But if you examine your daily habits, you might be surprised at how much empty space you fill with senseless inactivity when, in fact, you could be fitting in fitness and adding wellness to your world!
 
Maximize What You Do Already
If you take walks or go jogging on a regular basis, step it up a notch by adding interval challenges, such as jogging at stop-signs while out for a walk, or stopping at a bench and doing press-ups during your jog around the park. Depending on your fitness level, there are so many options when it comes to interval training.

Add a few extra minutes to your walk or run – your heart health will thank you! Switching up your routine not only prevents monotony but it also gives you a better work-out and ensures that your workout routines remain effective. You will soon realize that you have time to fit in more fitness by maximizing what is already a part of your routine!
 
Work Out During the Workday
You likely don’t have much control in how long your workday is, but you do have control over how you maximize fitness in your workday.
  • Why not bike or walk to work?
  • If you take the bus, get off one stop earlier and walk the rest of the way. If you have to drive, park as far away from the entrance to your office building as possible and walk that extra couple of minutes in the morning.
  • Take the stairs instead of the elevator. If you’re on a conference call in the privacy of your own office, try a squat challenge (on mute, of course!) or do some knee raises to work those abs.
  • Lift free weights while you read articles or long e-mails.
  • Replace your office chair with a stability ball – balancing on the ball all day builds tremendous core strength.
  • Instead of a business lunch, eat at your desk before you head out and make it a business walk instead. Chances are, you’ll eat more healthily making your own food, plus getting outside will not only fit more fitness into your day but the fresh air will also leave you refreshed and recharged for the rest of your day.

Make it a Social Affair
Many people consider exercise a chore. Instead of dreading the time spent exercising alone, invite a friend to go for a walk. If you have dogs, walk your dogs together and take a longer route, for a better workout and for more chat-time!

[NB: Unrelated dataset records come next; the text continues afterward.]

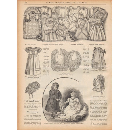 Chaque magazine présentait des modèles de robes , de lingerie , de corsets , mais aussi des vêtements d’enfants ou habits de poupées , avec de magnifiques gravures et les explications des modèles .
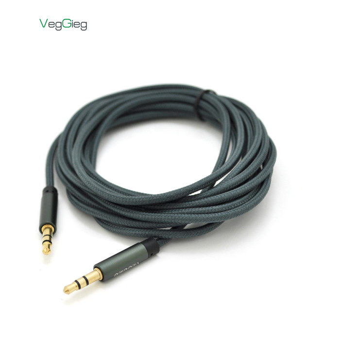 | Кабель VEGGIEG AB-3 AUX Audio DC3.5 тато-тато 3.0м, GOLD Stereo Jack, оплетка, (круглий) Black cable, Пакет |
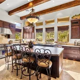 - Room Description: Breakfast Bar/Counter,Breakfast Nook/Eating Area,Garden Window,Island,Marble/Stone Flooring,Stainless Steel Appliances

If you’re meeting a friend for coffee, why not meet up for a hike instead? You can catch up and exercise at the same time! Instead of enjoying sedentary activities with your significant other, or your family, make your outings more active - instead of going to the movies, try bowling or skating. Involving others also helps to keep you accountable to fitting in more fitness.
 
Be a Multi-Tasking Couch Potato
Commercials seem to be taking up more and more time during our favorite TV programs. Why not take advantage of that free time and see how many crunches or push-ups you can do, before your show starts again? There are several exercises you can do while utilizing the couch itself for stability or positioning. Lifting free weights is an excellent exercise to do while still sitting on the couch.

If you’re taking the time to watch the program, you automatically have the time to fit in fitness without missing your show.
 
Take a Cue From Your Child(ren)
Children rarely sit still. Get off your computer, turn off the television, put down your phone and play with them! If you can, get out of the house and take them swimming, or to the park and play soccer – walk there or ride your bikes.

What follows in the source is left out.